Each of them has one of my hands,
and one of my breasts also. But to who*91
should I give my mouth? To whom should I give
my heart and all that with which I am unable to part?
We could not stay like this, all
three in the same house. They would talk about us
in Mytilene. Yesterday, in front of the temple of Ares,
a woman didn’t say “Hello!”
It’s Glottis that I prefer; but I
cannot reject Kyse. What will become of her
all alone? Should I leave them together as
they were and take another friend for myself?
52 – THE MEETING
I found her like a treasure, in a
field, under a myrtle bush, enveloped
from throat to feet in a yellow robe
embroidered with blue.
“I have no friends,” she said to me, “Because the
nearest town is five miles from
Here. I live alone with my mother who is
old and always sad. If you want, I’ll follow you.
“I will follow you to your house, leaving her on
the other side of the isle and I will live with you
until you send me back. Your hand is
tender, your eyes are blue.
“Let’s go. I’m taking nothing with me, but
the little Aphrodite which is hanging around my
neck. We will put her next to yours,
and we will give them roses in
payment for each night.”
53 – THE LITTLE APHRODITE OF BAKED EARTH
The little guardian Aphrodite which protected
Mnasidika was modelled on Camiros by a potter
of great skill. It is as big as my thumb,
and of fine yellow earth.
Her hair falls all around
her narrow shoulders. Her eyes are
long slits, and her mouth is very
small, because she is the “Ever-Beautiful.”
With her right hand she indicates her divinity,
which is riddled with little holes on the
lower belly and along the groin. Because she
is the “Very Amorous”.
In her left hand she holds her round
heavy breasts. Between her broadened hips
swells a fertile belly. Because
she is the “Mother-Of-All-Things”.
54 – DESIRE
She entered, and passionately, her eyes
half-closed, she united her lips with
mine and our tongues entwined…
Never in my life have I ever had a kiss
like that.
She was standing up against me, all in
love and consenting. One of my knees,
bit by bit, climbed between her warm thighs
which yielded as if for a lover.
My creeping hand under her tunic searched
to divine her unclothed body, which turn and turn
about sinuously writhed, or stiffly bent
with the trembling of her skin.
With the eyes of delirium she indicated her bed;
but we did not have the right to love before the
wedding ceremony and we separated brusquely.
55 — THE WEDDING
In the morning, we made a wedding repast, in the
house of Acalanthis whom she had adopted
as a mother. Mnasidika wore the white veil
and I a man’s tunic.
And then, in the midst of twenty women, she
took off her festal robe. We perfumed it with
Bakkaris; powdered it with golden powder,
and removed her jewels.
In her bedroom, full of foliage, she
waited for me like a wife. And I
placed her on a chariot between me and the
nymphs’ shrine and we cheered all who passed by.

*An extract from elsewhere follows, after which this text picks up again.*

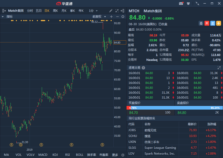 周末换脸APP“ZAO”一夜走红,用户可通过上传照片来替换成任何视频里的人,火爆换脸游戏是陌陌的最新泛社交尝试,公司近年来产品频出,近期财报业绩也超市场预期。放眼国外,同样火爆的美版“陌陌”Match Group在国外快速发展,股价涨势喜人。

We sang the Nuptial Song; The flutes
were also played. With one arm
round her shoulders and the other under her knees,
I carried Mnasidika across the rose-covered threshold.
56 – THE BED (not translated)
57 – SURVIVORS OF THE PAST
I left the bed as she had left it,
unmade and rumpled, the sheets tangled, so that
the shape of her body stayed imprinted beside mine.
Until tomorrow I shall not go to the baths, I shall
not wear clothes and I shall not
comb my hair, for fear of rubbing away her kisses.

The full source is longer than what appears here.